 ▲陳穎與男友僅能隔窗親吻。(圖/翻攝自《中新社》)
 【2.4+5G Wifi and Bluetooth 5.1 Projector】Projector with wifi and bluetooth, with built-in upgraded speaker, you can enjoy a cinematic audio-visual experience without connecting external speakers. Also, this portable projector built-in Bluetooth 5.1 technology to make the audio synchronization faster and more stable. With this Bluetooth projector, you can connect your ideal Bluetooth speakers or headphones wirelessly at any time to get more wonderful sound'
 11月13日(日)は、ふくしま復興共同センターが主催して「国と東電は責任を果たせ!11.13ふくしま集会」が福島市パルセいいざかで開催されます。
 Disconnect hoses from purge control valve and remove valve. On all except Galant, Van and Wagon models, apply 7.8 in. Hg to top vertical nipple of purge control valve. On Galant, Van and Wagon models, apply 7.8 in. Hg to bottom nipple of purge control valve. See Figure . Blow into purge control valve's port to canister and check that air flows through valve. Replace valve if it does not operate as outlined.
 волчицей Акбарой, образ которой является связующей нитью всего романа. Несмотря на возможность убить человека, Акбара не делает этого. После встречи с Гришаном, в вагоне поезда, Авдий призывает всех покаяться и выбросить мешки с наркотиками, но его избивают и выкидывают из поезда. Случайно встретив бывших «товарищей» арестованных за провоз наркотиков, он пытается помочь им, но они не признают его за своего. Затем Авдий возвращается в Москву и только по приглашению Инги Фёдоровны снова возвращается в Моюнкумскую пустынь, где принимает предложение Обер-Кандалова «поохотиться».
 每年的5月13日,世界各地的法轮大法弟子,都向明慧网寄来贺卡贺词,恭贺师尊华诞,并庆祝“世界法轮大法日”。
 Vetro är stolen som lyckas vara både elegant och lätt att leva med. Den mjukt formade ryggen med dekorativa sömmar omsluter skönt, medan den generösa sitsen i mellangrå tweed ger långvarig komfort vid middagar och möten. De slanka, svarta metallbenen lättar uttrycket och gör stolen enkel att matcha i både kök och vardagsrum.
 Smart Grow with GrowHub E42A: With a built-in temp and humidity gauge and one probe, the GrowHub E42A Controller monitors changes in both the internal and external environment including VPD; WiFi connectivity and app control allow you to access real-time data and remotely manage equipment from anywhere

### What to work on
In the entries above, one line contains "11月13日(日)は、ふくし" and another contains "每年的5月13日,世界各地的". Reproduce exactly those two lines and the lines between them, nothing else.

### Solution to this exercise
 11月13日(日)は、ふくしま復興共同センターが主催して「国と東電は責任を果たせ!11.13ふくしま集会」が福島市パルセいいざかで開催されます。
 Disconnect hoses from purge control valve and remove valve. On all except Galant, Van and Wagon models, apply 7.8 in. Hg to top vertical nipple of purge control valve. On Galant, Van and Wagon models, apply 7.8 in. Hg to bottom nipple of purge control valve. See Figure . Blow into purge control valve's port to canister and check that air flows through valve. Replace valve if it does not operate as outlined.
 волчицей Акбарой, образ которой является связующей нитью всего романа. Несмотря на возможность убить человека, Акбара не делает этого. После встречи с Гришаном, в вагоне поезда, Авдий призывает всех покаяться и выбросить мешки с наркотиками, но его избивают и выкидывают из поезда. Случайно встретив бывших «товарищей» арестованных за провоз наркотиков, он пытается помочь им, но они не признают его за своего. Затем Авдий возвращается в Москву и только по приглашению Инги Фёдоровны снова возвращается в Моюнкумскую пустынь, где принимает предложение Обер-Кандалова «поохотиться».
 每年的5月13日,世界各地的法轮大法弟子,都向明慧网寄来贺卡贺词,恭贺师尊华诞,并庆祝“世界法轮大法日”。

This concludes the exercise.